Dosing adjustment in renal impairment:
Oral: Enalapril:
Clcr 30-80 mL/minute: Administer 5 mg/day titrated upwards to maximum of 40 mg.
Clcr <30 mL/minute: Administer 2.5 mg day; titrated upward until blood pressure is controlled.
For heart failure patients with sodium <130 mEq/L or serum creatinine >1.6 mg/dL, initiate dosage with 2.5 mg/day, increasing to twice daily as needed. Increase further in increments of 2.5 mg/dose at >4-day intervals to a maximum daily dose of 40 mg.
I.V.: Enalaprilat:
Clcr >30 mL/minute: Initiate with 1.25 mg every 6 hours and increase dose based on response.

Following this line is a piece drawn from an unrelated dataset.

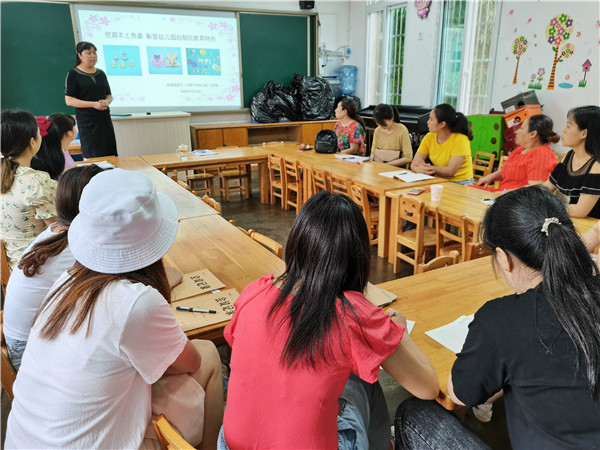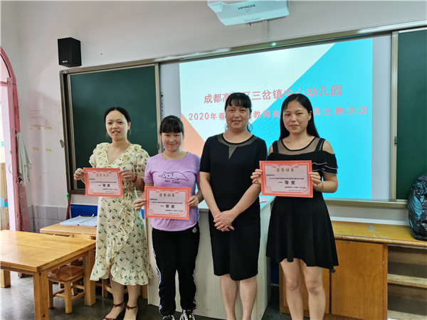 2020年7月16日,成都高新区三岔镇中心幼儿园开展了一期一次的自制玩教具比赛。活动共分为三个流程,一是园长方红梅组织开展了《挖掘本土资源彰显幼儿园自制玩教具特色》的专题讲座与研讨活动,以帮助教师进一步深刻理解自制玩教具的意义、注意事项及指导思想;二是教师分别展示自制的玩教具,并做演示与讲解,各类自制玩教具特色各异,好玩有趣,彰显了教师们的智慧与心灵手巧;三是教师做互评,评选出优秀作品并颁奖。
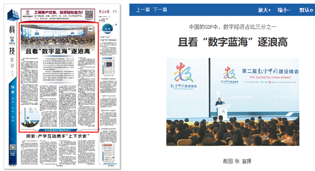 个性化定制、智能化生产、服务性制造……过去一年,“数字”的火种点亮了创新引擎,市场的生动实践为“数字中国”积累了鲜活丰富的经验。“截至去年底,我国数字经济规模达31万亿元,约占GDP的1/3。”5月6日,第二届数字中国建设峰会在福州如期而至,而在此前的国办新闻发布会上,传递出“数字中国”的最新捷报。

Clcr <30 mL/minute: Initiate with 0.625 mg every 6 hours and increase dose based on response.
Hemodialysis: Moderately dialyzable (20% to 50%); administer dose postdialysis (eg, 0.625 mg I.V. every 6 hours) or administer 20% to 25% supplemental dose following dialysis; Clearance: 62 mL/minute.
Peritoneal dialysis: Supplemental dose is not necessary, although some removal of drug occurs.
Dosing adjustment in hepatic impairment: Hydrolysis of enalapril to enalaprilat may be delayed and/or impaired in patients with severe hepatic impairment, but the pharmacodynamic effects of the drug do not appear to be significantly altered; no dosage adjustment.
Administration: I.V.
Injection solution: Administer direct IVP over at least 5 minutes or dilute up to 50 mL and infuse.
Monitoring Parameters
Blood pressure; serum creatinine and potassium; if patient has collagen vascular disease and/or renal impairment, periodically monitor CBC with differential
Test Interactions
Positive Coombs' [direct]; may cause false-positive results in urine acetone determinations using sodium nitroprusside reagent
Dietary Considerations
Limit salt substitutes or potassium-rich diet.
Patient Education
Do not use potassium supplement or salt substitutes without consulting prescriber. Take first dose at bedtime. This drug does not eliminate need for diet or exercise regimen as recommended by prescriber. May cause dizziness, fainting, lightheadedness, postural hypotension, nausea, vomiting, abdominal pain, dry mouth, or transient loss of appetite. Report persistent nausea and vomiting; chest pain or palpitations; mouth sores; fever or chills; swelling of extremities, face, mouth, or tongue; skin rash; numbness, tingling, or pain in muscles; or respiratory difficulty or unusual cough.
Geriatric Considerations
Due to frequent decreases in glomerular filtration (also creatinine clearance) with aging, elderly patients may have exaggerated responses to ACE inhibitors; differences in clinical response due to hepatic changes are not observed. ACE inhibitors may be preferred agents in elderly patients with congestive heart failure and diabetes mellitus. Diabetic proteinuria is reduced and insulin sensitivity is enhanced. In general, the side effect profile is favorable in the elderly and causes little or no CNS confusion; use lowest dose recommendations initially; adjust dose for renal function in the elderly. Many elderly may be volume depleted due to diuretic use and/or blunted thirst reflex resulting in inadequate fluid intake.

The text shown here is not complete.